Wednesday, January 7, 2009

Turning 30

I will be turning 30 years shortly. I clearly remember a call phone I made to my sister on her birthday few years ago. She turned 30 that time. I asked her if she had anything special planned that day. Birthdays’ were not festive for her anymore. Birthdays remind her that she is aging. I felt her pain because I freaked out when I saw a fine crumple under my eyes when I was 25. Saying good bye to young energetic 20s is hard and it gets harder as we age. Puffy eyes, wrinkles and achy joints are not something to be celebratory isn’t it? Well that was my perception before I met Mike.

Mike, who sits next to my cabin at my office celebrated his 76 birthday few days ago with his family. I knew he is old but never thought he is 76. A sense of shame came over me for whining over aging. Life is more than aging physically and being beautiful and fit. Life is all about experiencing and appreciating every moment our existence. As a child I enjoyed the warmth of my mother, playing in rain and mud, those memorable school days; as a teenager I enjoyed college days, my first crush, chatting with friends over boys; As a wedded women I enjoyed all the martial bliss; those lazy days on beds and eating dinner at 12 am. As a mother I savored warmth of my kids, those first wobbling first step to those shattering laughs and those first words. Life at every stage has so much to offer isn’t it?

Coming back to Mike, he is tall skinny guy with head full of white hair. Retirement seems to be not in his book of life. He loves being occupied with work. He told us that the most fun part of turning 76 was to able to spend time with his great grand kids. They had a quiet evening that day in front of the fire place. I hope Mike gets to experience many more wonderful healthy years with his family and friends. Many belated birthday to you Mike!

God has given me two reasons to be celebratory on my birthday from the past 3 years now. I get to say “Happy birthday to you and to me” to my only adorable son. He is turning 3 on the same day I turn 30. He doesn’t know it yet. He is too young to understand it now but I am curious how he feels about it later on in his life. How do I feel sharing my birthday with my son? Ecstatic! A friend of mine told me that I have forever stolen the thunder of my son’s birthday. She believes that my son can never have his birthday all for himself without being reminded that he has to share it with me first. I never thought people would interpret it that way. I will leave the final call to my son to make.

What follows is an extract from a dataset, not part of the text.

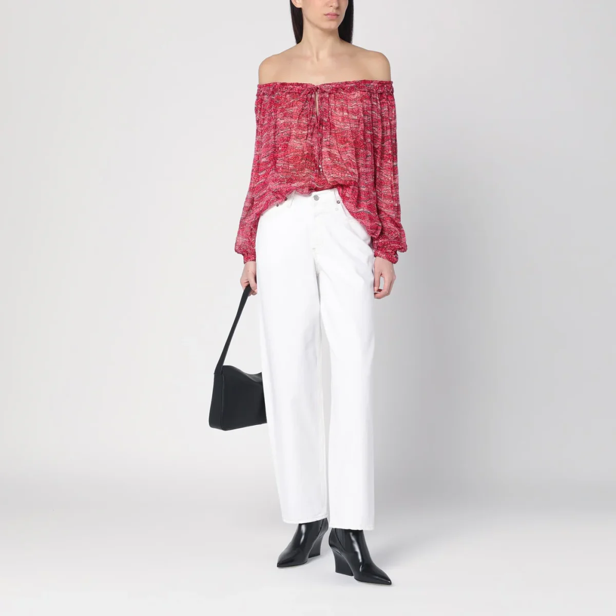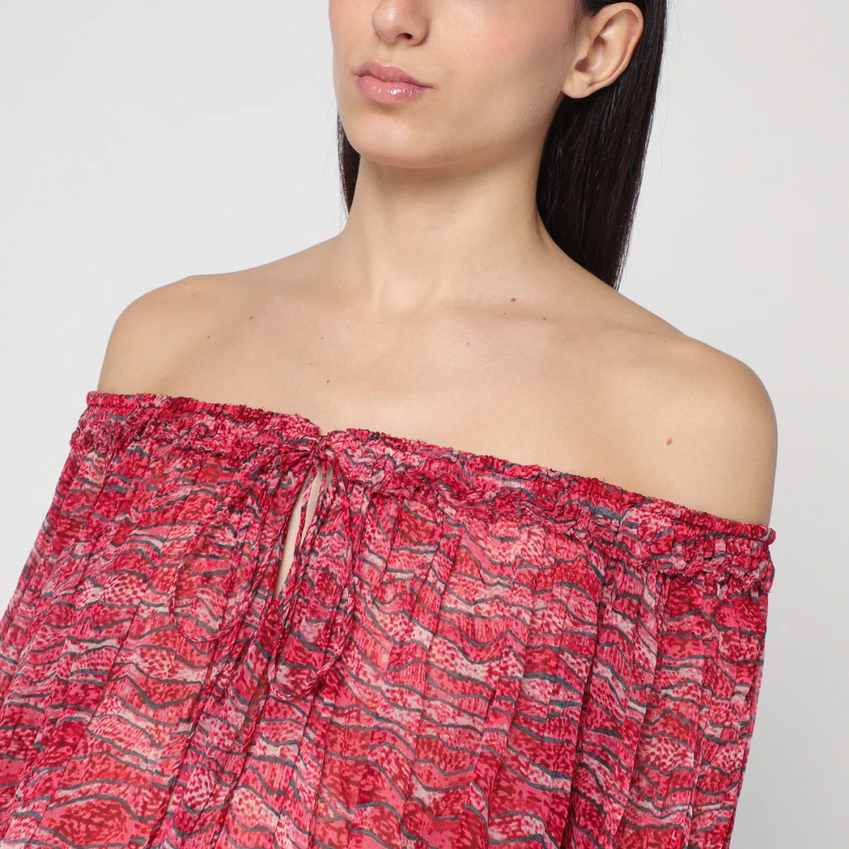 Top di Isabel Marant Étoile in viscosa rosso con stampa all over, caratterizzato da spalle scoperte con fascia elasticizzata e fiocco e manica lunga con polso elasticizzato.

Growing up I never blew candles and cut cake on birthdays. My parents never made a big deal of birthdays in general. Head bath, new cloths, favorite food ( Bisibelebath and Jamoon in my case) and Rs100 and a birthday song from my dad are things I associate my childhood birthdays with. In the evening I ran to all my friends and neighbors home and give chocolates and candy that mom asked me to give. “It’s my birthday” I would say and in return I could get blessing and sometimes treat like payasam. I always wanted to blow candles on my birthday cake…. Something I never did growing up. A friend of mine made sure I did when I turned 18. She surprised me with a cake with 18 candles on top of it glowing. I will never forget that day. After marriage my husband made sure I blow candles on all my birthdays. What crazy is it with cakes and candles on birthday I don’t know but for now it serves as a dessert for my kids.

So how does it feel turning 30? Absolutely wonderful! I had marvelous thirty years and hoping to have many more healthy peaceful years ahead. Happy birthday to me and to my son.

7 comments:

Chhaya said...

hey Preeti ! wonderful post dear...something I can very well relate to, since I have already crossed that mark :) Life is certainly not about counting the years, isnt it? As you so rightly pointed out, its about experiencing as much as we can and making the very best of what life has to offer for us ! Also, about sharing your birthday with P, I would only think that it would create a stronger bond, give you two something more to share with each other ! I see it as a positive thing :D ...Keep posting !

Preeti said...

Thanks Chhaya for your comments ... as always I look forward to hear something from you after I blog :))

Madhooo said...

Nice post.:) My mom and myself share the birthday and I think it feels great to do so. We love wishing each other on the same day. I am sure you will enjoy it with your son the same way.:)

Preeti said...

Thanks Madhooo for your comments. Its wonderful to know you and your mother share birthday. Nice to know we have something common in life.

Springbird said...

Wonderfully written Preeti!Especially woman tend to get scared with this age but there is lot of experience hidden behind that no. is what all counts.rit.I like it.

Havalimane said...

very nicely presented! content is excellent.

Preeti said...

Thanks Soumya and Yash for your comments ....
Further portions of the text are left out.